• [Task instructions] Output, exactly as written, the lines below starting at the line containing "This dashboard tracks" and ending at the line containing "Recycled aluminium pen". Drop the pictures and keep both end lines.

--- Data supplied ---

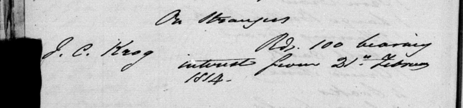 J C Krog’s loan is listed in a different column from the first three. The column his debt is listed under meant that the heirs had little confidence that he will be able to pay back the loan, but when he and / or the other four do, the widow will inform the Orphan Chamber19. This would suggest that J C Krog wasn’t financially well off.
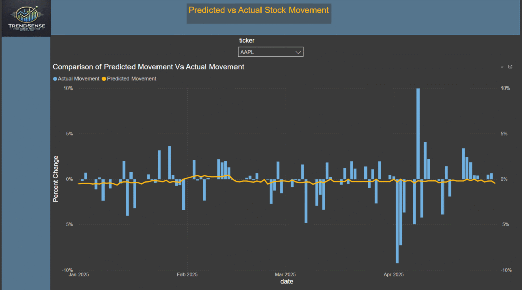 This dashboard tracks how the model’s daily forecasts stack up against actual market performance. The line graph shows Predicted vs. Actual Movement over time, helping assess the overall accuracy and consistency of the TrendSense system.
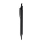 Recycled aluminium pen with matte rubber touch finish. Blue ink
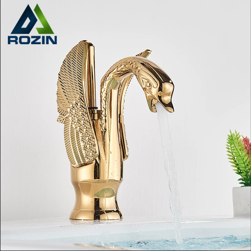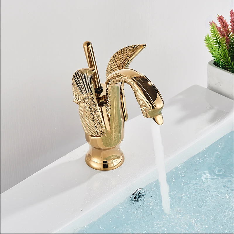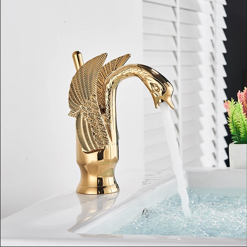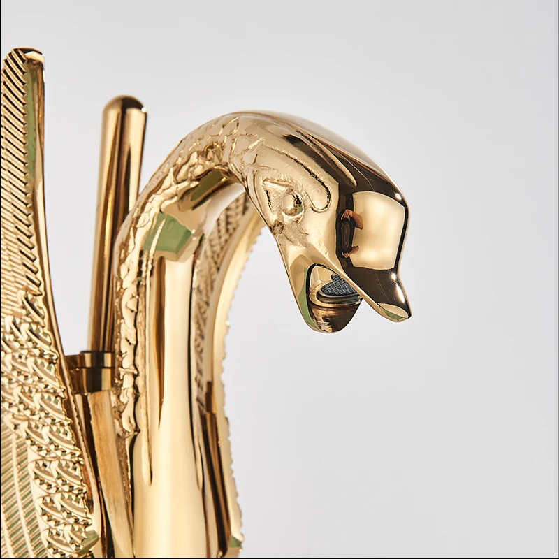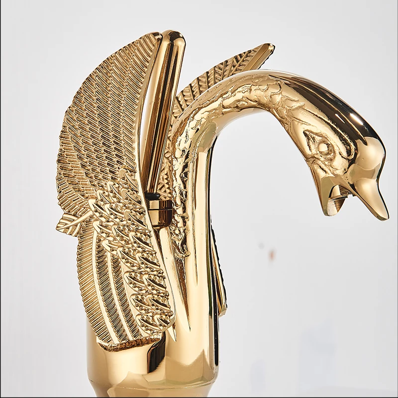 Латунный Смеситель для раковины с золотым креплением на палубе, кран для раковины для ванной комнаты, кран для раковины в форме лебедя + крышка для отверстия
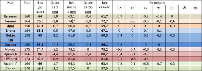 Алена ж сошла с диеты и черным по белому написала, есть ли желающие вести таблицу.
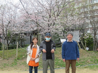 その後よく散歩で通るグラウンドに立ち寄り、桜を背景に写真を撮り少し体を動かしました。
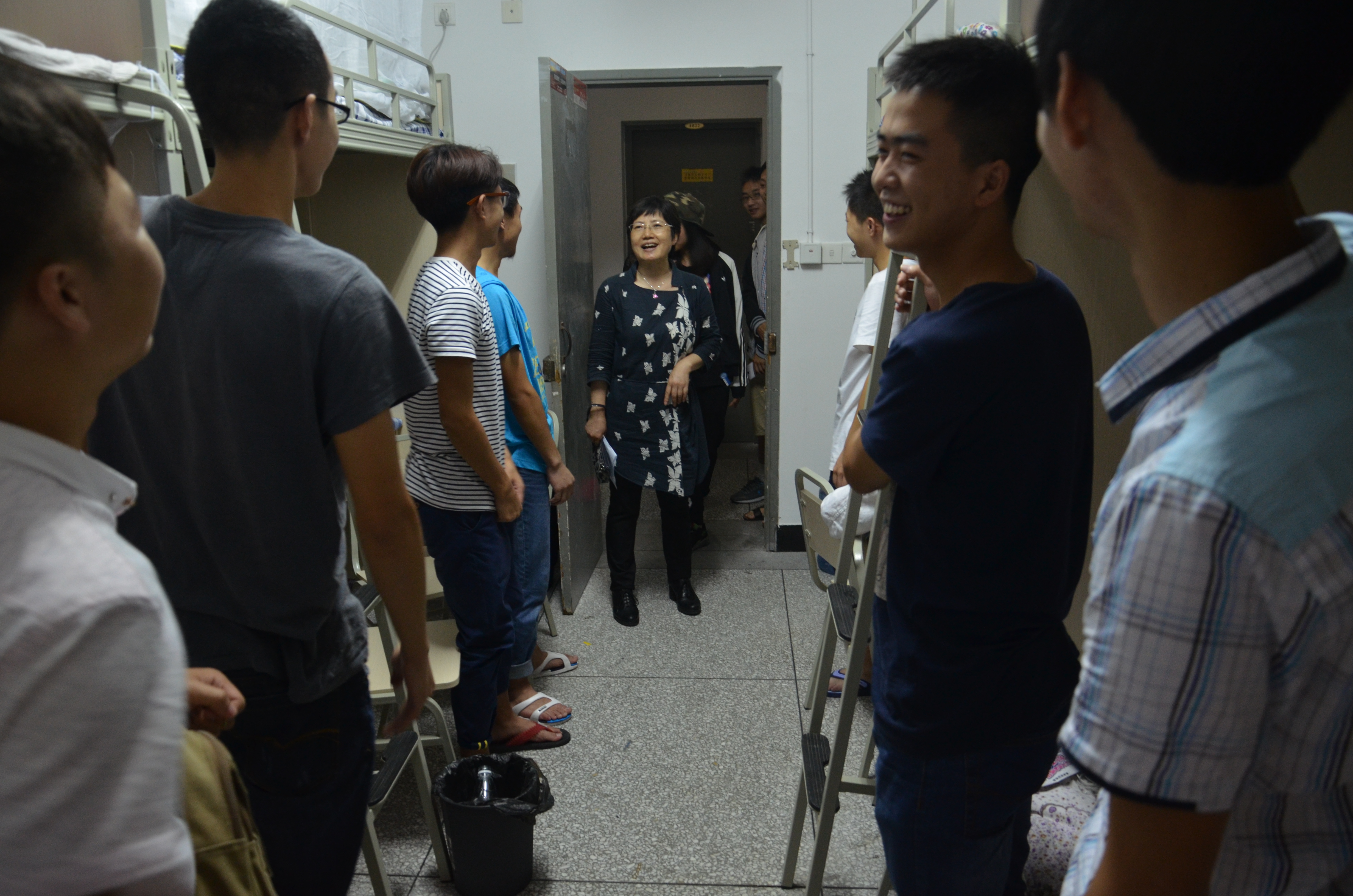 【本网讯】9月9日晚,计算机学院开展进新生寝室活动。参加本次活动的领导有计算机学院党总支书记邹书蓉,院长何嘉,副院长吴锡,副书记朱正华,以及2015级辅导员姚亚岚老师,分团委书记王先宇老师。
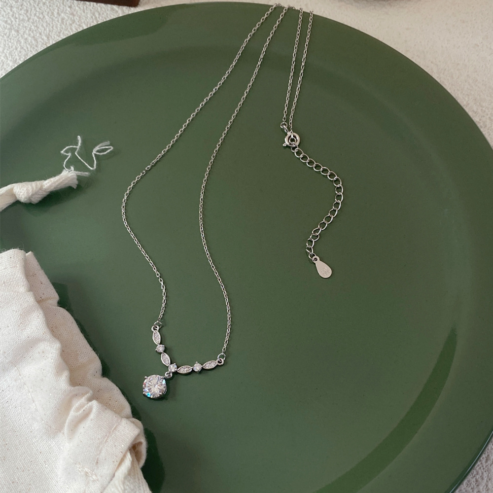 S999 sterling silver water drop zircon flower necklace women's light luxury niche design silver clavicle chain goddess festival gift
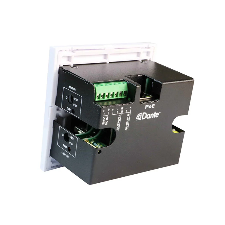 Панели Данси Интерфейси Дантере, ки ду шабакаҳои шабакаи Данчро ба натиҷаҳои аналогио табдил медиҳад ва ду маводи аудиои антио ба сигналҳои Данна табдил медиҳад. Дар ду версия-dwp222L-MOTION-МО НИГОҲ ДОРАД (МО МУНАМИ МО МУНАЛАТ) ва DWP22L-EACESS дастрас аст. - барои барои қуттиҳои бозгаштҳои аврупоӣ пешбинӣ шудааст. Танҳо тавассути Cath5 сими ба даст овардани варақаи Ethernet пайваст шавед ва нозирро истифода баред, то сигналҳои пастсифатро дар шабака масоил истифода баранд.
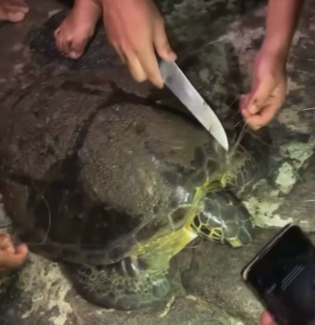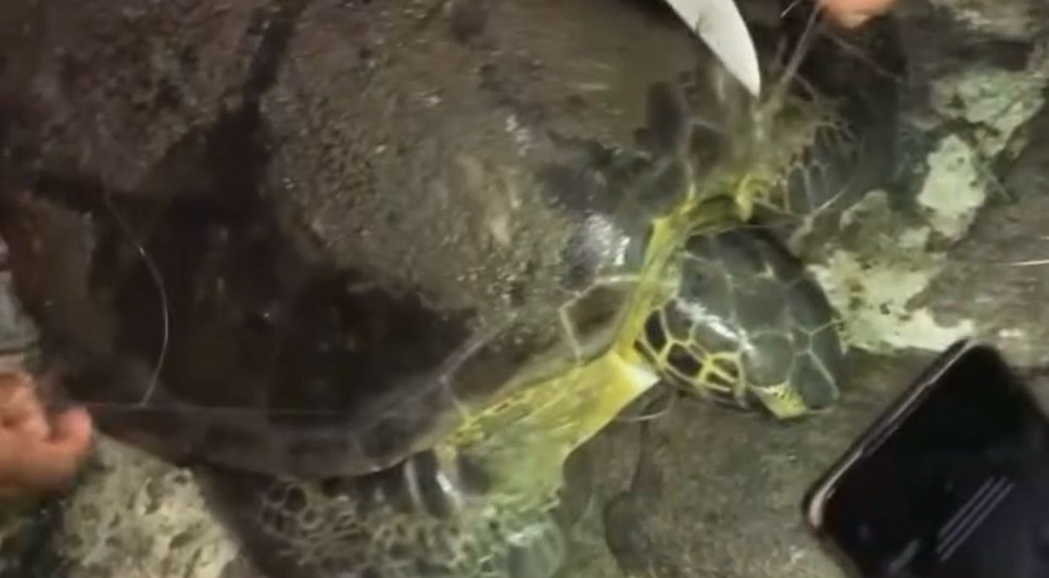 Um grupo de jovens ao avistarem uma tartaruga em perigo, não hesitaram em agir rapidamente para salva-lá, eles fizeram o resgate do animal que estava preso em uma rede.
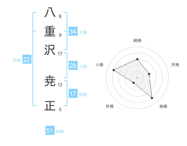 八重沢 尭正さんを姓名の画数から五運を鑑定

---
--- Data supplied ---

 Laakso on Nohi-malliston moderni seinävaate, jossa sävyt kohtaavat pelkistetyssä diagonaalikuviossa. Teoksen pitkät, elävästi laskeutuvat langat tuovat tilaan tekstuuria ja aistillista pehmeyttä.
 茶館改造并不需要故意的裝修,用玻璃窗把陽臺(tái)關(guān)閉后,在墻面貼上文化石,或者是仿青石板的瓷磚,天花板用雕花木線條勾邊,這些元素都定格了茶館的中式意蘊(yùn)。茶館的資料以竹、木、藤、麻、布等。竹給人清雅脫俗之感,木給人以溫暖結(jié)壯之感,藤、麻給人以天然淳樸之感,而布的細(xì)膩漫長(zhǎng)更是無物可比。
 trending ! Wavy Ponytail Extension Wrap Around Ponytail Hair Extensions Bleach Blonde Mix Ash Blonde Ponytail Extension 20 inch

---

• [The answer]
 This dashboard tracks how the model’s daily forecasts stack up against actual market performance. The line graph shows Predicted vs. Actual Movement over time, helping assess the overall accuracy and consistency of the TrendSense system.
 Recycled aluminium pen with matte rubber touch finish. Blue ink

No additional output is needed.